Award Recipient: University of California, Davis

Start Date: September 1, 2022
End Date: August 31, 2025 (estimated)
Total Intended Award Amount: $470,298
Total Award Amount to Date: $470,298

This award supports fundamental research to modify existing photolithography tools and methods and enables optical micropatterning of organic semiconducting polymers into electronic circuits. The new processing tool enables micro and nanopatterning, controlled doping and layering of a broad class of organic electronic materials that currently cannot be micro or nanopatterned into functional devices, such as, flexible electronics and wearables. Results from this research enables advancements in many applications such as chemical sensing, neuromorphic computing, and medical diagnostics. The ensuing technological impacts result in economic opportunities in healthcare, energy, and environment. This research lowers the cost for production of prototype organic electronic devices by orders of magnitude, which spurs economic growth and national prosperity. The project partners with instrument manufacturers, trains students at all levels and broadens participation of women and under-represented minorities.

Funding in 2021 included the following:

Award Recipient: Massachusetts Institute of Technology

Start Date: September 1, 2021
End Date: August 31, 2024 (estimated)
Total Intended Award Amount: $382,192
Total Award Amount to Date: $382,192

This award will support research on the first AM technique for recyclable thermoplastic materials that utilizes photopolymerization, called Interfacial Photopolymerization (IPP). This work combines fundamental materials science and manufacturing scale-up to enable the digital production of intricate, high resolution thermoplastic objects using commercially available feedstock materials. This work will have economic and environmental benefits by opening new applications in automotive, aerospace, consumer, and medical device industries that use recyclable plastics, which is a vital contribution to the sustainability of our world.

Award Recipient: Rensselaer Polytechnic Institute

Start Date: January 1, 2021
End Date: December 31, 2023 (estimated)
Total Intended Award Amount: $531,361
Total Award Amount to Date: $531,361

Thermoset structures containing stiff and soft domains that mimic the hierarchical structure of bone, nacre, bamboo and pearlite steels will be developed by using stereolithography 3D printing in conjunction with phase separation. The experimental work will be guided by modeling to optimize the network structure and the multiscale architecture of the material, in order to achieve strength and toughness of the additive manufactured (AM) parts superior to those of the structurally homogeneous thermosets used today. Polymer nanocomposite AM parts are increasingly important for applications in dental, biomedical, wearable electronics, aerospace, and automotive industries.

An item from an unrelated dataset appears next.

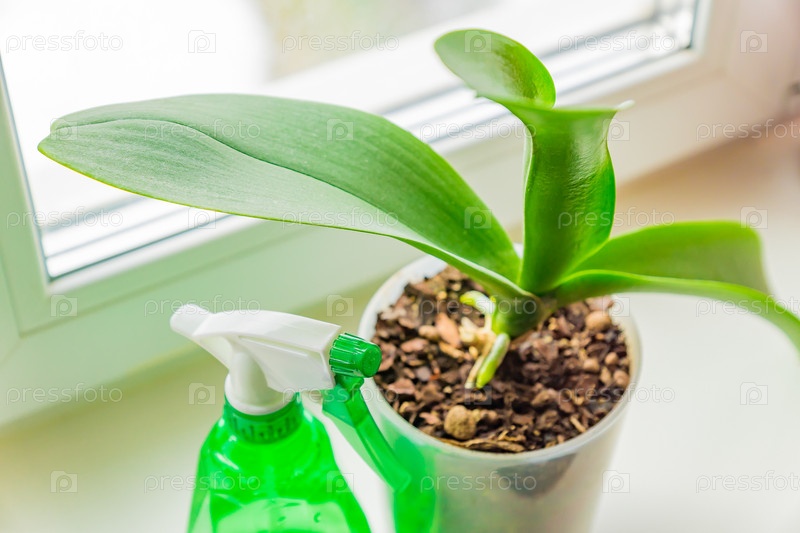 Моховая орхидея в пластиковом горшке и распылитель на подоконнике. Концепция ухода за комнатными растениями

Award Recipient: Brown University

Start Date: May 1, 2021
End Date: April 30, 2024 (estimated)
Total Intended Award Amount: $500,000
Total Award Amount to Date: $513,400

Universal access to biological tissues for fundamental studies is limited, thereby constraining both the type and number of experiments that can be readily carried out. This grant supports research to mitigate this challenge by extracting and storing tissue-structure information, which will be made broadly accessible. The detailed information is obtained through the sequential process of imaging (reading), digitally storing, and laser-based manufacturing (writing) of the tissue architecture. This award utilizes a convergence of disciplines to create a digital manufacturing platform, based on two-photon polymerization (TPP), that will enable cloud-based reading and writing of scaffolds with varying complexity in 3D collagen-fiber organization.